Trois réglages qui règlent le problème :
- L’angle. Environ 30 degrés entre le manche et la peau. Trop à plat, la lame ne coupe pas ; trop redressé, elle mord.
- La pression. Aucune. On pose et on fait glisser. Si vous sentez que vous appuyez, vous appuyez trop.
- La longueur de passage. Des trajets courts, cinq centimètres, plutôt qu’un grand geste continu. Surtout sur les zones courbes.
Le calcul sur trois ans

Mes chiffres, relevés plutôt qu’estimés.
- Rasoir : 32 euros, une fois. Il est en laiton chromé et n’a aucune raison de s’user.
- Lames : environ 10 centimes pièce, achetées par cent. J’en change toutes les cinq à six utilisations, soit à peu près 45 lames par an. Quatre euros cinquante par an.
- Savon à raser solide : 9 euros, tenu quatorze mois.
Sur trois ans, cela fait environ 60 euros tout compris. Sur la même période, mon budget cartouches précédent tournait autour de 200 euros. L’écart est réel mais moins spectaculaire que ce qu’annoncent certains comparatifs, qui oublient systématiquement le prix du rasoir et du savon.
Le bénéfice que je n’attendais pas
Moins de poils incarnés. Une lame unique coupe au ras sans tirer le poil hors du follicule, contrairement aux systèmes multi-lames qui soulèvent puis tranchent. Sur les jambes ça ne change rien ; sur les zones sensibles, la différence a été nette dès le premier mois.
Ce que je ne referais pas
J’ai acheté un modèle à tête fixe très agressive parce qu’il était bien noté. Pour débuter, c’était une erreur : mieux vaut une tête dite fermée, moins performante en un passage mais beaucoup plus tolérante sur l’angle. J’ai revendu le premier.

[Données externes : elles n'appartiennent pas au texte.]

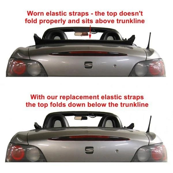 Die Straps setzen den vorderen Teil unter Spannung. Beim öffnen, wird der vordere Teil nach hinten geklappt. Beim Schließen wird der vordere Teil nach unten gespannt. Das Letztere vermindert auch Windgeräusche bei höheren Geschwindigkeiten.
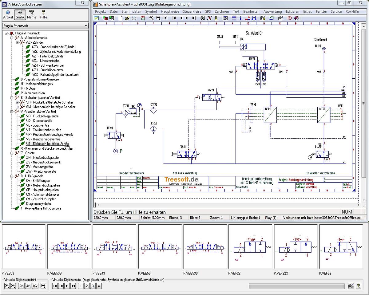 Das Plug-in Pneumatik enthält normgerechte Symbole nach DIN ISO 1219 für deine Dokumentationen in der Fluidtechnik. Treesoft CAD stellt dir hierbei selbstverständlich alle Logikfunktionen und Auswertungsfunktionen für eine einfache und schnelle Erstellung von Pneumatikplänen zur Verfügung. Durch die Autoconnecting-Funktionen werden die Verbindungen deiner Bauteile automatisch erzeugt. Die seitenübergreifende Projektierung von komplexen Anlagen sowie die Querverweiserstellung mit Navigatiosfunktion für verteilt dargestellte Elemente gehören ebenso zum Funktionsumfang, wie die automatische Erstellung von Stücklisten.
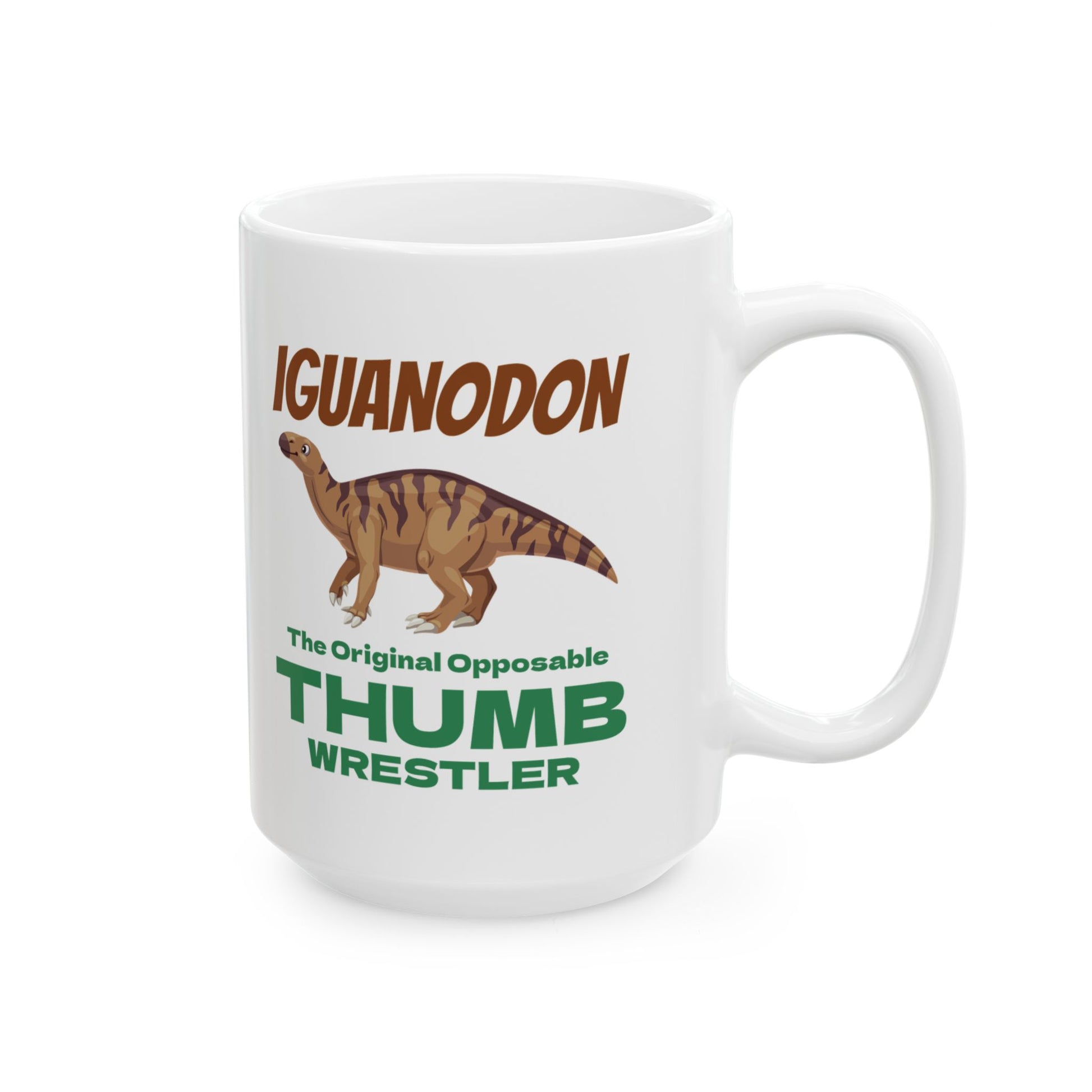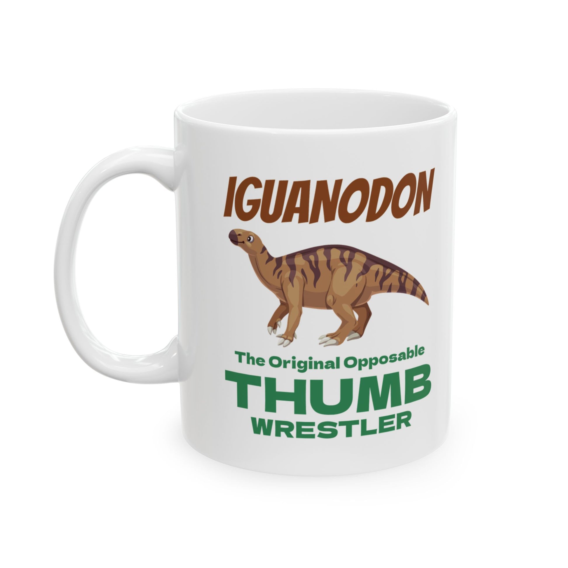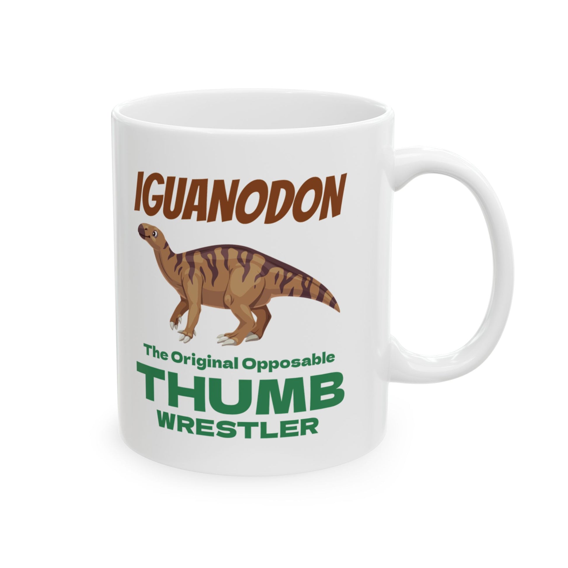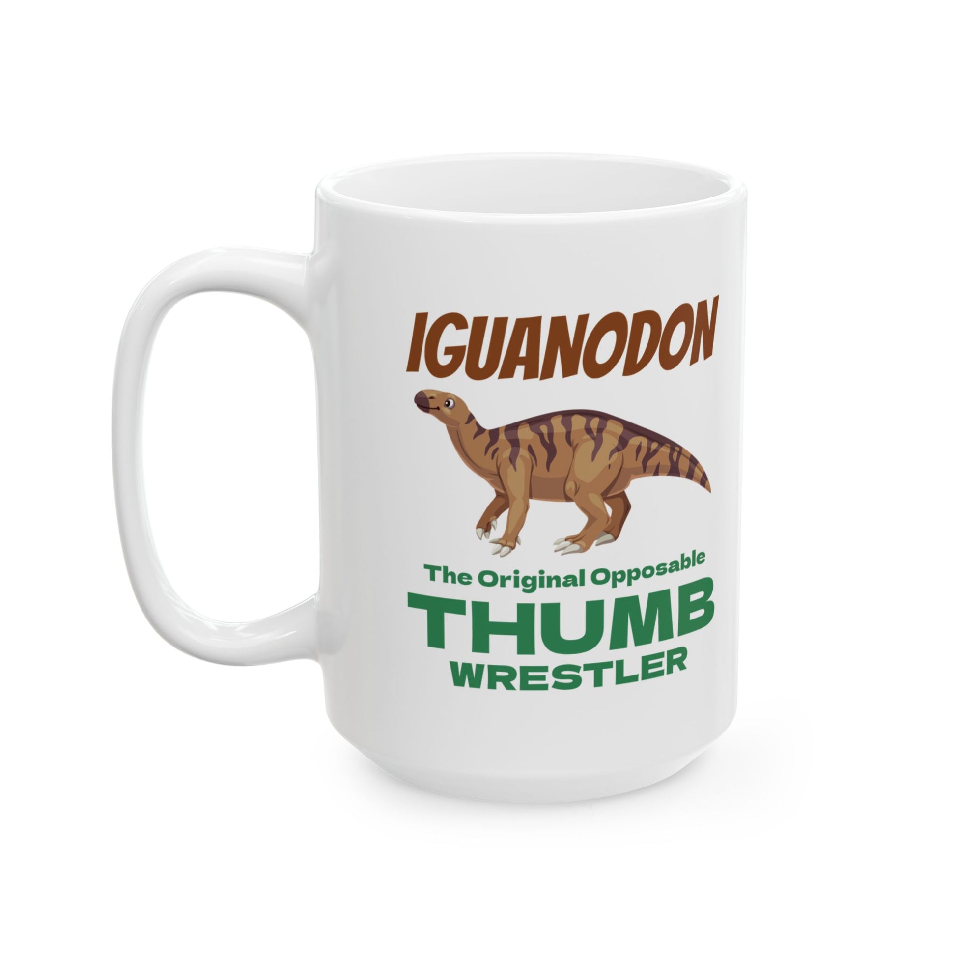 Feiern Sie den faszinierenden Iguanodon mit dieser humorvollen und lehrreichen Tasse mit dem Motiv „Der originale opponierbare Daumenringer“. Perfekt für Paläontologen, Dinosaurier-Enthusiasten und Fossiliensammler, die die Rolle dieses einzigartigen Pflanzenfressers in der Evolutionsgeschichte schätzen. Die Illustration zeigt das unverwechselbare Aussehen des Iguanodon, insbesondere seinen berühmten opponierbaren Daumenstachel – ein bahnbrechendes anatomisches Merkmal, das ihn von anderen Dinosauriern unterschied. Wärmen Sie sich mit einer schönen Tasse Tee aus dieser personalisierten Keramik-Kaffeetasse auf. Sie ist BPA- und bleifrei, mikrowellen- und spülmaschinenfest und aus weißer, robuster Keramik in den Größen 325 ml und 425 ml gefertigt. Dank der fortschrittlichen Drucktechnologie erwachen Ihre Designs in unglaublich lebendigen Farben zum Leben – das perfekte Geschenk für Kaffee-, Tee- und Schokoladenliebhaber. .: Diese Tassen sind aus robuster weißer Keramik gefertigt, damit Ihre Drucke hervorstechen. .: Erhältlich in zwei Größen: 11 oz (0,33 l) und 15 oz (0,44 l).: Alle Becher verfügen über einen bequemen C-Henkel und eine glänzende Oberfläche, sodass sie sowohl einfach zu verwenden als auch toll anzusehen sind. .: Trinken Sie täglich bedenkenlos, da alle Becher blei- und BPA-frei sind.

J’ai aussi acheté un assortiment de lames de six marques pour « trouver la mienne ». Cent-vingt lames plus tard, je n’ai jamais réussi à distinguer objectivement les trois premières marques entre elles. Prenez-en un paquet de dix d’une marque courante et passez à autre chose.
Les précautions qui comptent vraiment
- Ne pas ranger le rasoir sous la douche. L’humidité permanente oxyde la lame en quelques jours. Un rebord sec suffit.
- Rincer la tête en la démontant une fois par semaine. Le savon s’accumule dans le peigne et gêne l’évacuation.
- Jeter les lames dans une boîte métallique prévue pour ça, jamais à la poubelle directement. Elles sont beaucoup plus coupantes qu’une cartouche.
Cette logique du geste qu’on garde et de l’objet qui dure, c’est exactement celle que j’applique aux vêtements — ma veste d’extérieur a huit ans pour les mêmes raisons. Et côté mains, j’ai adopté une approche aussi dépouillée avec la manucure courte dont je parle ailleurs sur le site.
Choisir son premier rasoir : trois critères
L’offre est devenue pléthorique et très mal documentée. Un rasoir de sûreté femme ne diffère d’un modèle masculin que par le marketing, ce qui veut dire qu’on peut ignorer complètement la catégorie et regarder trois choses.
- L’ouverture de tête. Dite fermée, elle expose très peu de lame et pardonne les erreurs d’angle ; dite ouverte, elle coupe plus efficacement et mord dès qu’on dérape. Pour commencer, une tête fermée, sans exception.
- La longueur du manche. Les modèles courts, autour de 8 cm, sont pensés pour le visage. Pour les jambes et le dos des genoux, un manche de 10 à 12 cm évite de se tordre le poignet. C’est le critère le plus négligé et celui qui change le plus le confort.
- Le poids et le grip. Entre 70 et 100 grammes, avec un manche strié. Un manche lisse devient glissant dès qu’il y a du savon, et un rasoir qui glisse est un rasoir qui coupe.
Le système à papillon, qui s’ouvre en tournant la base, est plus pratique à recharger qu’un modèle à trois pièces qu’il faut dévisser entièrement. À l’usage, c’est une différence de dix secondes par semaine ; à l’achat, c’est souvent quinze euros. Je n’en ferais pas un critère décisif.
Si vous détestez le rasage et voulez que ça aille vite, ce n’est pas pour vous : comptez deux à trois minutes de plus au début. Si l’objet vous intéresse autant que le résultat, l’adaptation vaut la peine.